# PSE Chaos FC tuning help



## loraxio (Nov 29, 2010)

Alright, so I figured out the DL situation....regardless of the lack of info in the guide. What I need to know is how to check if it is on the Grow With You Setting. The cam pictured in the guide must be the 2010...we have a 2011.


----------



## loraxio (Nov 29, 2010)

False alarm...put on my glasses and was able to figure it out. Man I hate wearing those things.


----------



## Ches (Aug 3, 2009)

I am with ya. Sucks to get old.


----------



## wierdobow (Mar 13, 2009)

loraxio said:


> I was hoping to be able adjust the DL and DW on my sons new Chaos...but I am finding that the PSE users guide isn't very helpful. The pictures show different cams than are on the Chaos, so it's almost impossible to get it dialed in.
> 
> Any help would be greatly appreciated.
> 
> I need to get it to 23" DL and 35# DW.



can you post a few pics of the cams on this bow, is it the FC cam? I'm interested in the FC cam adjustability.

much appreciated


----------



## loraxio (Nov 29, 2010)

wierdobow said:


> can you post a few pics of the cams on this bow, is it the FC cam? I'm interested in the FC cam adjustability.
> 
> much appreciated


Sorry brother, had lost touch with this thread. Here are some pics. You would set it on the E setting to get a 23" DL (both the inner cam and the draw stop...see pics; my boy's is set to the F setting on both). The DW is easily set. Limbs are sold in 10# increments, just make sure you get the right set. Limbs can be dialed down quite a bit on these bows.
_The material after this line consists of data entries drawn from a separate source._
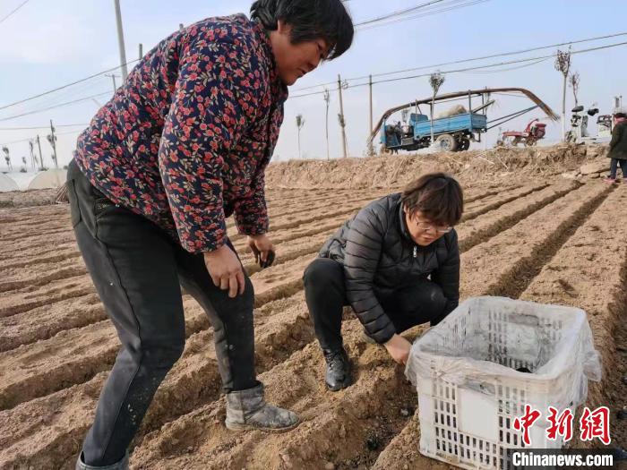 滕州市农业农村局技术人员在田间指导农户种植马铃薯。滕州市委宣传部 供图
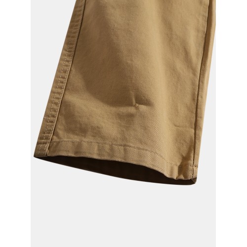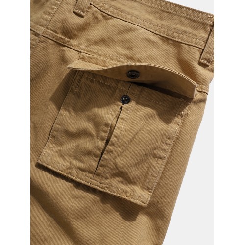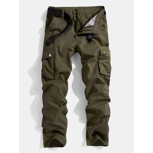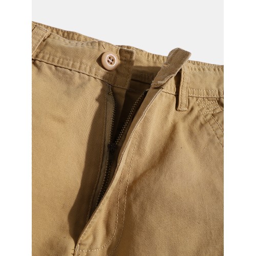 Mens Solid Color Multi Pocket Zipper Fly Mid Waist Casual Pants
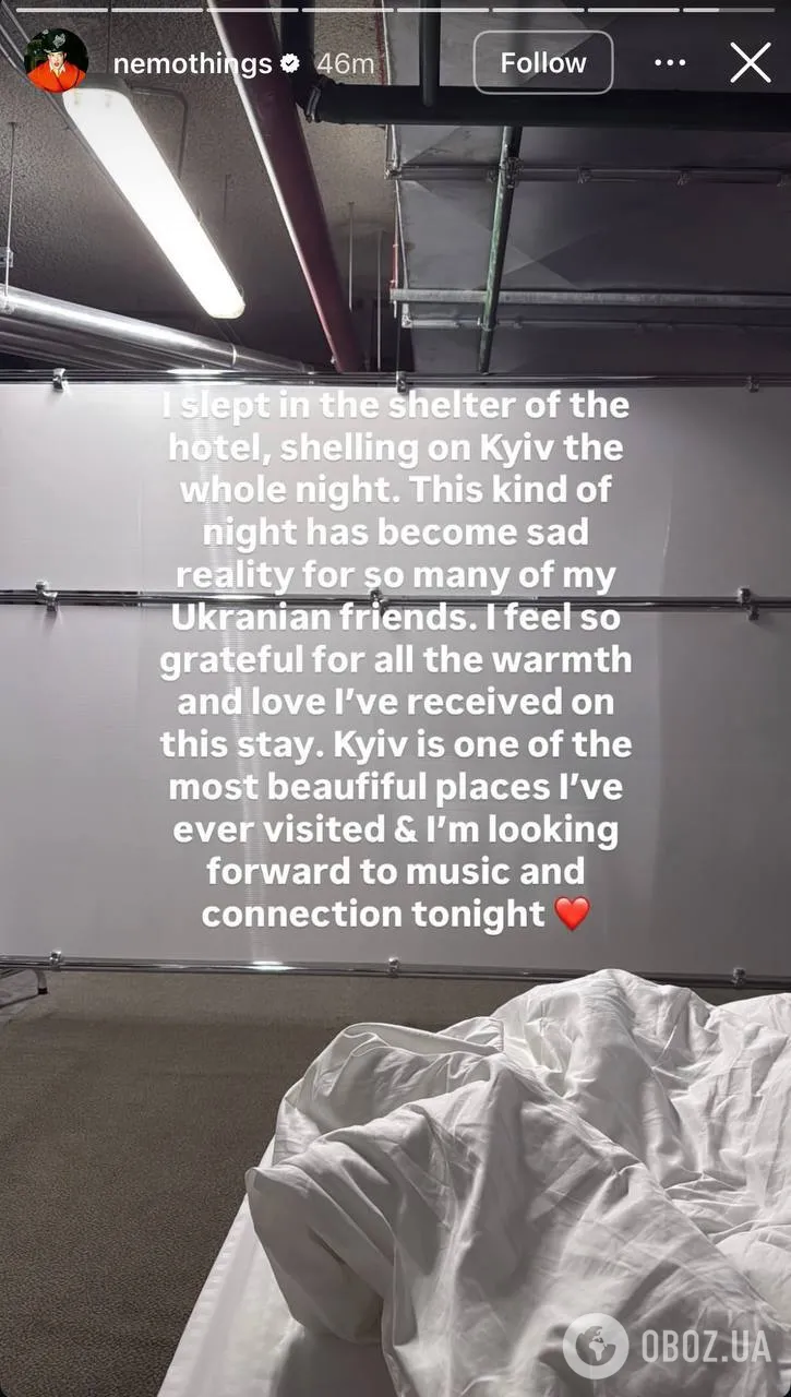"Ми спали в укритті готелю, а всю ніч тривав обстріл Києва. Такі ночі стали сумною реальністю для багатьох моїх українських друзів. Я дуже вдячний за всю теплоту і любов, які отримав під час перебування в укритті. Київ – одне з найгарніших місць, які я коли-небудь відвідував", – зазначили вони.

shows f setting on inner cam (done with an allen wrench only...easy)









Shows F setting on the other side of the cam for the draw stop

Only thing I haven't been able to figure out is whether or not the string is on the grow with you setting that lowers draw weight as you lower draw length and vice versa.


----------



## wierdobow (Mar 13, 2009)

Your right doesn't look anything like the cams in the book, and I thought i was lost before......
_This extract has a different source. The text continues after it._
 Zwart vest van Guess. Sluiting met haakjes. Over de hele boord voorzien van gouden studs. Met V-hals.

how does your son like the bow?


----------



## wierdobow (Mar 13, 2009)

Are there two cams on that bow??? Looks like the cam on the chaos one.


----------



## loraxio (Nov 29, 2010)

wierdobow said:


> Are there two cams on that bow??? Looks like the cam on the chaos one.


It's the One. No big deal for him. 

He loves the bow...he loves having a bow that looksand feels like mine. Thing is a real shooter!


----------